#### Exercise
What is needed is an exact copy of every line from the one with "宋细妹代表浔阳区委、区政府和" to the end of the entries below, without the pictures.

#### Records shown
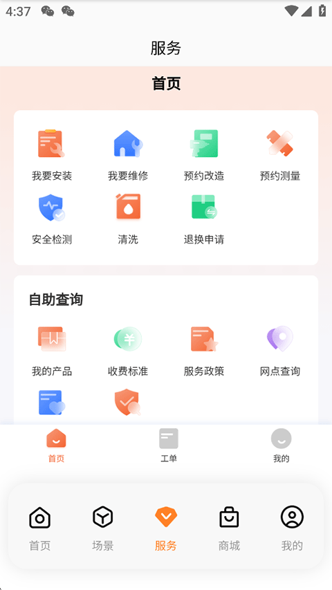 增设独立的服务板块,连接售前售后,提供在线报装、报修及自助查询等多场景服务能力,便捷触达。
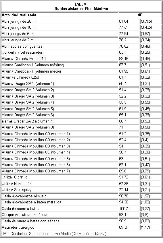 En la tabla I se muestran los resultados de la medición de ruidos aislados con la función del dosímetro «Pico Máximo». No se detectaron en ningún momento ruidos superiores a los 140 dB que marca la ley como límite para establecer medidas de protección de trauma acústico, si bien se aprecian una serie de ruidos de bastante intensidad, correspondientes básicamente a los golpes y caídas de objetos.
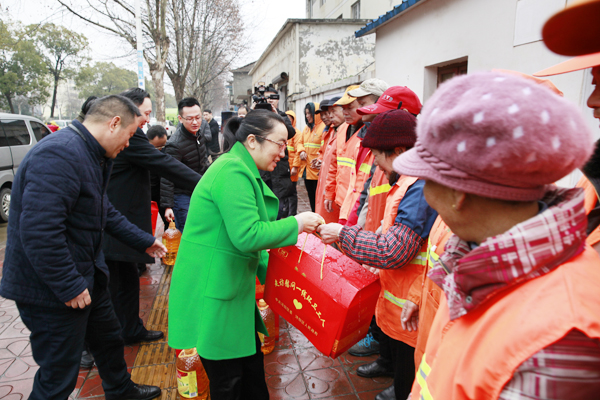 宋细妹代表浔阳区委、区政府和全区人民对“城市美容师们”表达了深深的敬意和诚挚的感谢,感谢环卫工人们长期以来弘扬“宁愿脏一人,换来万人洁” 的奉献精神,创造了整洁、舒适的城市环境。她还关切地询问大家的生活情况和身体状况,衷心祝愿大家阖家幸福、身体健康,快快乐乐的过一个新春佳节。
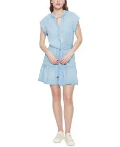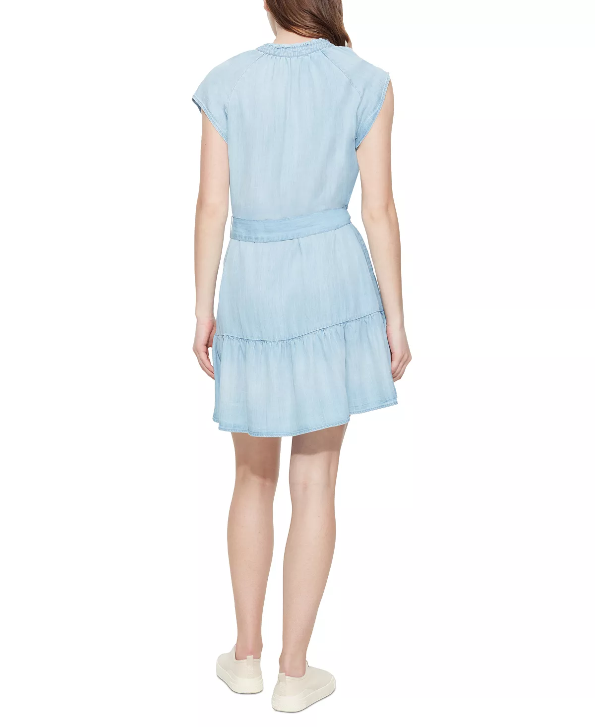 - Round notch neckline with tie; Mini silhouette
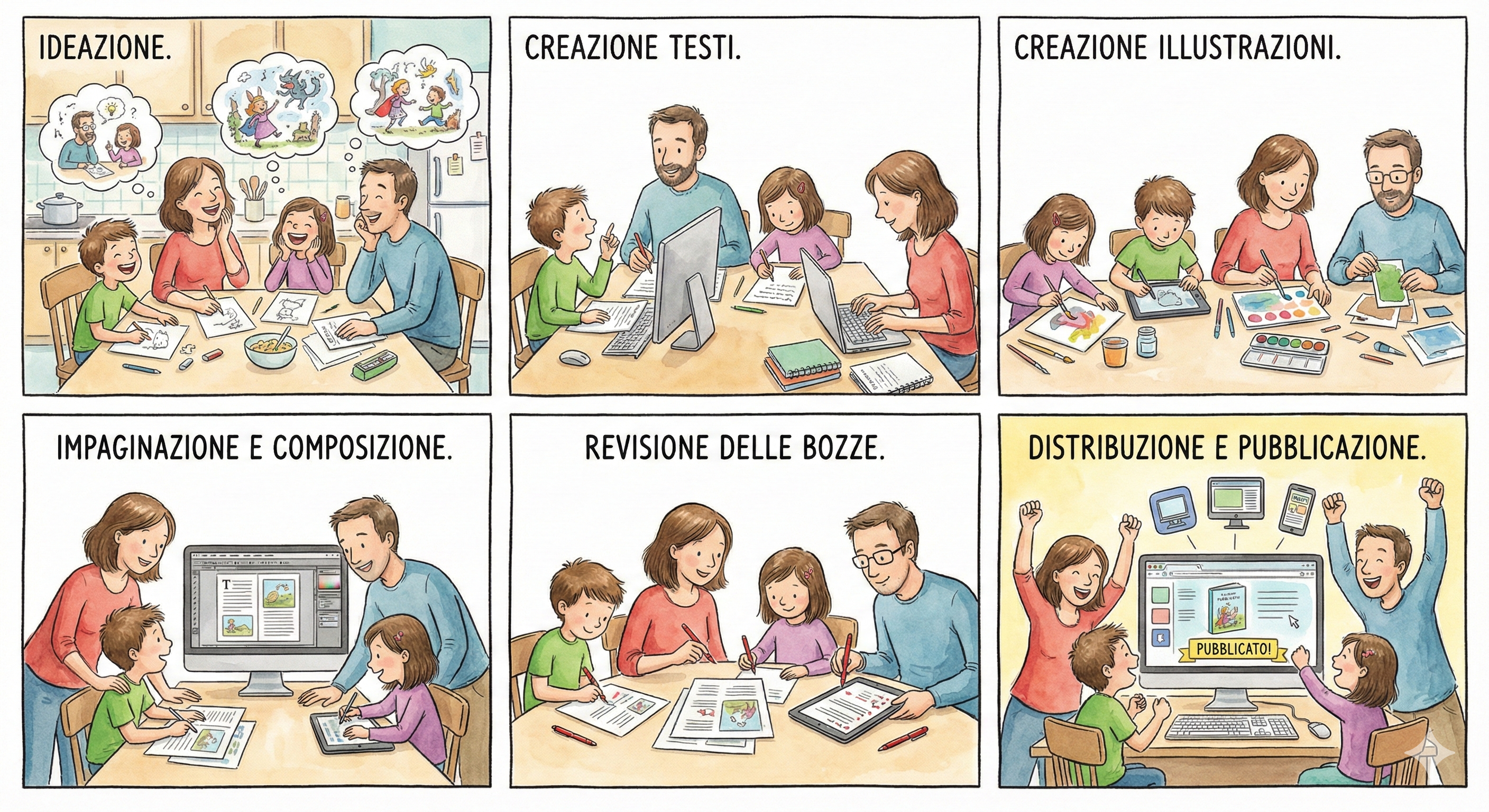 Avete mai pensato di trasformare i racconti della buonanotte o i disegni sparsi sul tavolo in un vero libro? Recentemente abbiamo avviato un laboratorio creativo familiare che si è concluso con una prima pubblicazione reale, e altri progetti sono ancora in corso.
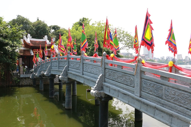 Following a major restoration, a stone bridge was built connecting the temple with the mainland. In the temple, there are a number of bronze statues and objects cast by artisans of Ngu Xa bronze casting village nearby.
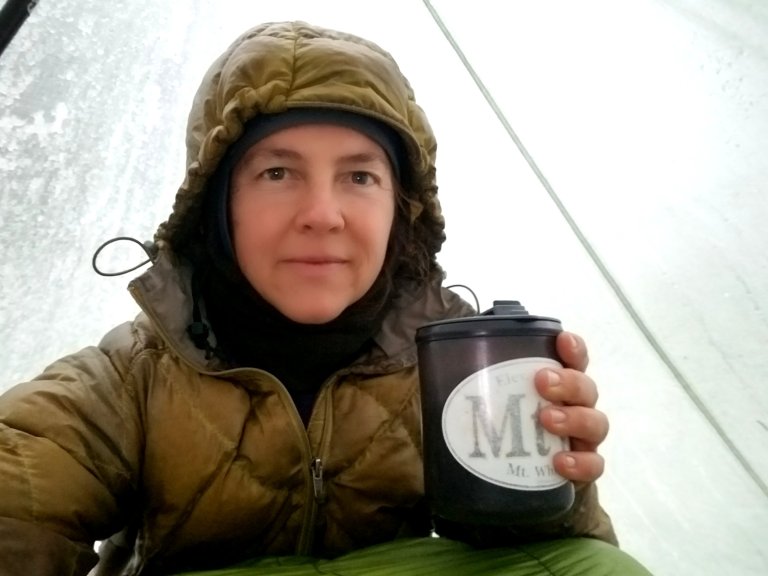 Morning: I must have fallen back asleep when the air temp plumetted just before dawn. I’d snuggled my face deeper into my sleeping bag and when I woke, it was light out, and that surprised me, Ididn’t think I’d fallen back asleep. It was not a good night’s rest. It rained heavily literally nonstop all night and at daybreak it turned to slush. It is still slushing now.
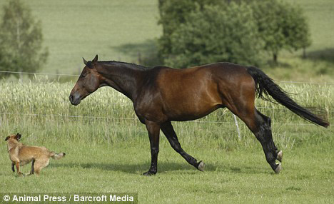 當(dāng)時,一條比利時牧羊犬正在追逐一匹混血馬,不料這匹任性的馬卻不聽牧羊犬的“指揮”,當(dāng)即脾氣大發(fā),掉頭對牧羊犬反擊,試圖用嘴咬牧羊犬的尾巴。受到驚嚇的牧羊犬壓著尾巴灰溜溜地逃跑。
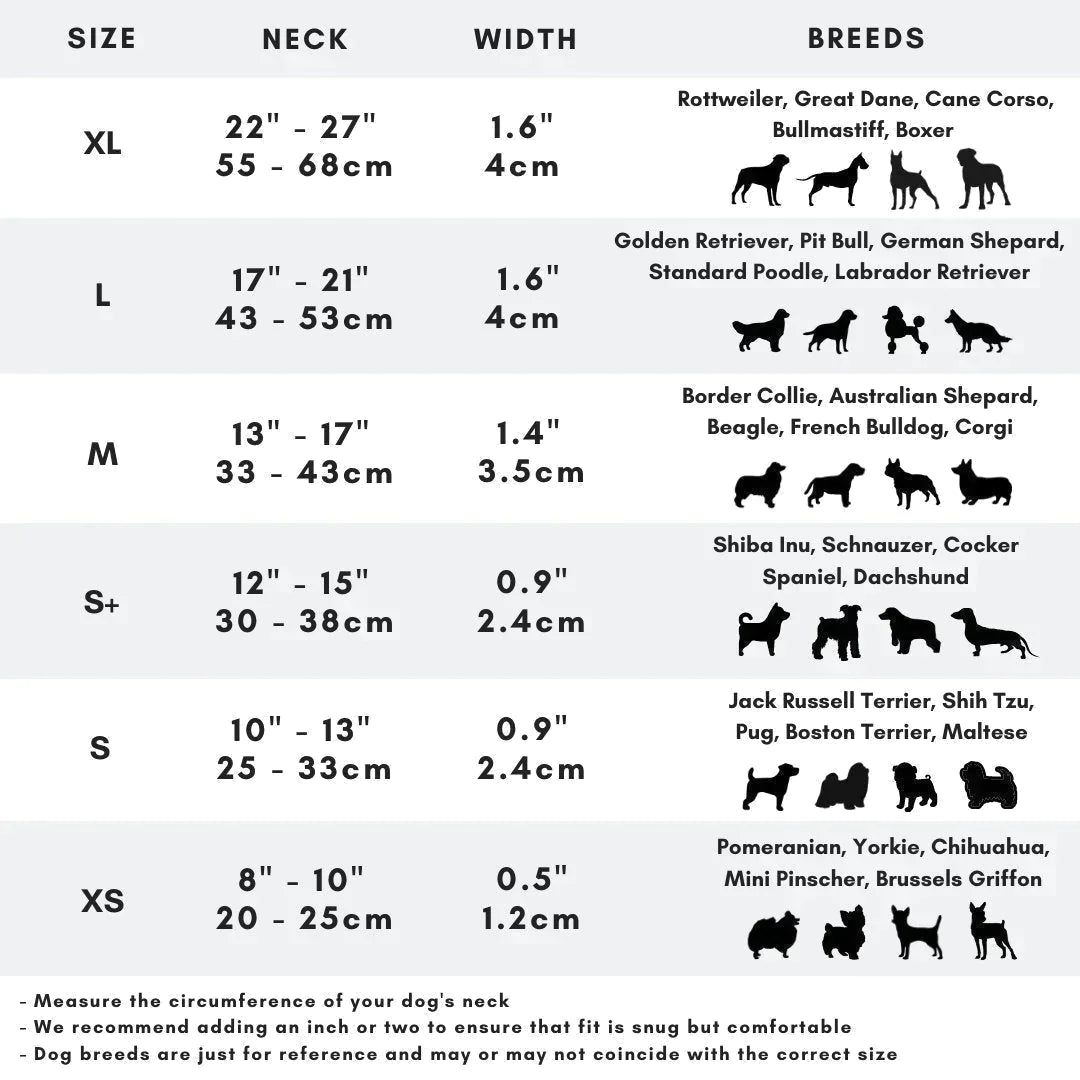 • Size: S+ collar for a 12" - 15" neck; Width 0.9"
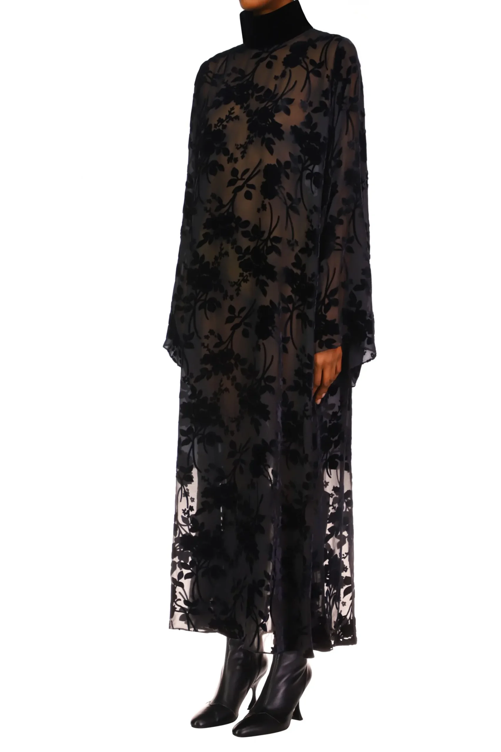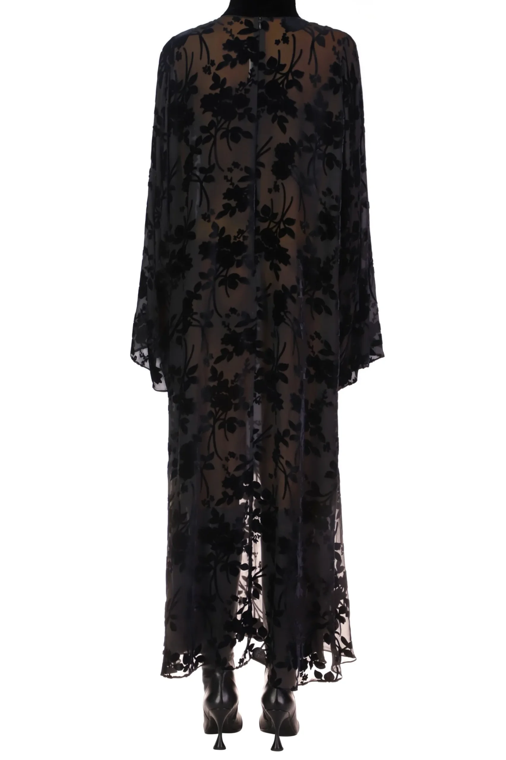 This Airy Tunic Is Cut From Sheer Black Burnout Velvet That Drapes Beautifully Over Your Frame. It Features A Wide Black Velvet Band Collar, Long Sleeves That Float Beyond The Wrist And An Asymmetric Floor-Skimming Hemline That Dips Down At The Sides.

#### Output of the task
 宋细妹代表浔阳区委、区政府和全区人民对“城市美容师们”表达了深深的敬意和诚挚的感谢,感谢环卫工人们长期以来弘扬“宁愿脏一人,换来万人洁” 的奉献精神,创造了整洁、舒适的城市环境。她还关切地询问大家的生活情况和身体状况,衷心祝愿大家阖家幸福、身体健康,快快乐乐的过一个新春佳节。
 - Round notch neckline with tie; Mini silhouette
 Avete mai pensato di trasformare i racconti della buonanotte o i disegni sparsi sul tavolo in un vero libro? Recentemente abbiamo avviato un laboratorio creativo familiare che si è concluso con una prima pubblicazione reale, e altri progetti sono ancora in corso.
 Following a major restoration, a stone bridge was built connecting the temple with the mainland. In the temple, there are a number of bronze statues and objects cast by artisans of Ngu Xa bronze casting village nearby.
 Morning: I must have fallen back asleep when the air temp plumetted just before dawn. I’d snuggled my face deeper into my sleeping bag and when I woke, it was light out, and that surprised me, Ididn’t think I’d fallen back asleep. It was not a good night’s rest. It rained heavily literally nonstop all night and at daybreak it turned to slush. It is still slushing now.
 當(dāng)時,一條比利時牧羊犬正在追逐一匹混血馬,不料這匹任性的馬卻不聽牧羊犬的“指揮”,當(dāng)即脾氣大發(fā),掉頭對牧羊犬反擊,試圖用嘴咬牧羊犬的尾巴。受到驚嚇的牧羊犬壓著尾巴灰溜溜地逃跑。
 • Size: S+ collar for a 12" - 15" neck; Width 0.9"
 This Airy Tunic Is Cut From Sheer Black Burnout Velvet That Drapes Beautifully Over Your Frame. It Features A Wide Black Velvet Band Collar, Long Sleeves That Float Beyond The Wrist And An Asymmetric Floor-Skimming Hemline That Dips Down At The Sides.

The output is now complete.